Все молчат. Я поддеваю вилкой что-то красное, жирное и распластанное: красная рыба, что ли, и, подумав, отбрасываю ее на стол. И снова начинаю кричать:
— Творчество — это оргазм, а оргазм разве длится вечно? Он короток. испытай его и возблагодари Бога.
— В остальное же время, мать твою.
— Ты должен хранить себя в чистоте, красоте и первозданной невинности, — чувствую я себя проповедником.

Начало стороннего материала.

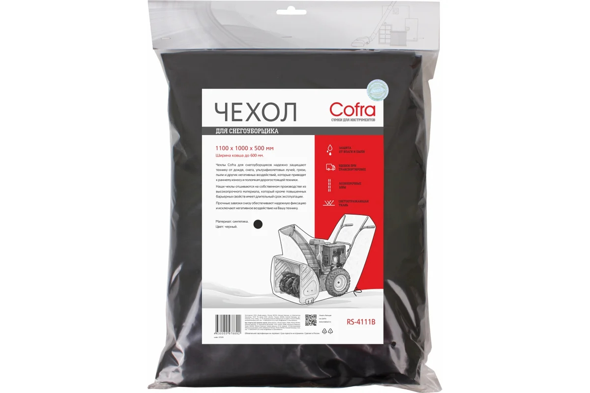 Благодаря чехлу можно защитить устройство от пыли и влаги, что является важной деталью для поддержания его в отличном состоянии во время хранения. Чехол подходит для снегоуборщиков с шириной ковша до 600 мм и длиной 1000 мм, обеспечивая плотное и надежное покрытие всей конструкции.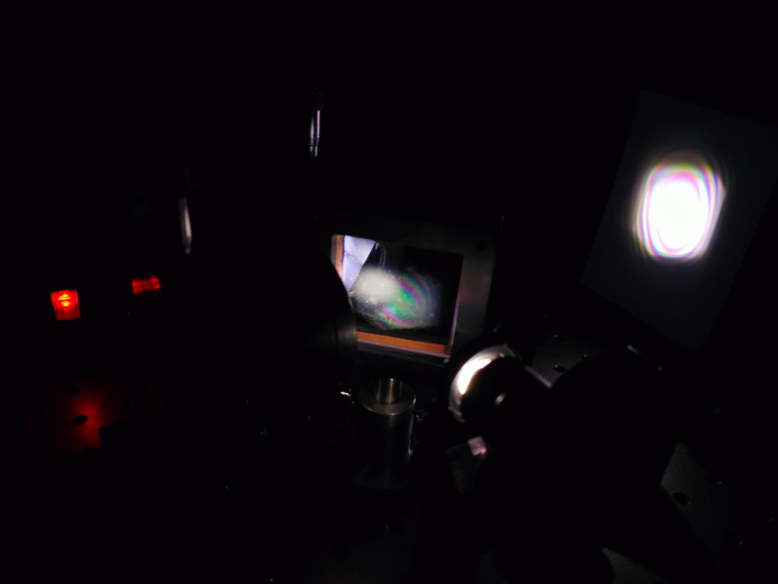 The interference fringes from the red diode laser will be observed on a ground glass screen. We'll start with flat mirrors to achieve our first fringes and later transition to retroreflectors. We are still researching the accuracy requirements for retroreflectors and their limitations in this application.

— И содержать свое тело — этот Храм — в котором ты служишь, бля, Богу тем, что пишешь, — в тепле, сытости и комфорте.
— Не рабско-зажратом, не в комфорте зажратого слизняка, но в достойном состоянии, потому что твое, бля, тело, я повторяю для тупых, Храм.
— И оно должно быть сыто, обуто, одето, гладко выбрито и довольно.
— И дать этого мне так называемая духовность не может.
— Поэтому.
— Чтобы не сойти с ума.
— От постоянного напряжения.
— Экзальтации и мученичества.
— Которые сопровождают.
— Всякого писателя.
— Если, конечно, он писатель.
— А не говно, пишущее потому, что пора что-то там написать, — визжу я.
— В оставшееся от творчества время, — бью я тарелку об колонну.
— Я.
— Должен.
— Быть, бля.
— Нормальным.
— Человеком. С нормальными.
— Человеческими. Бедами и радостями. С нормальной.
— Человеческой, — хриплю я.
— Бля, жизнью. С работой, деньгами, и всем-всем-всем, что есть у обычных.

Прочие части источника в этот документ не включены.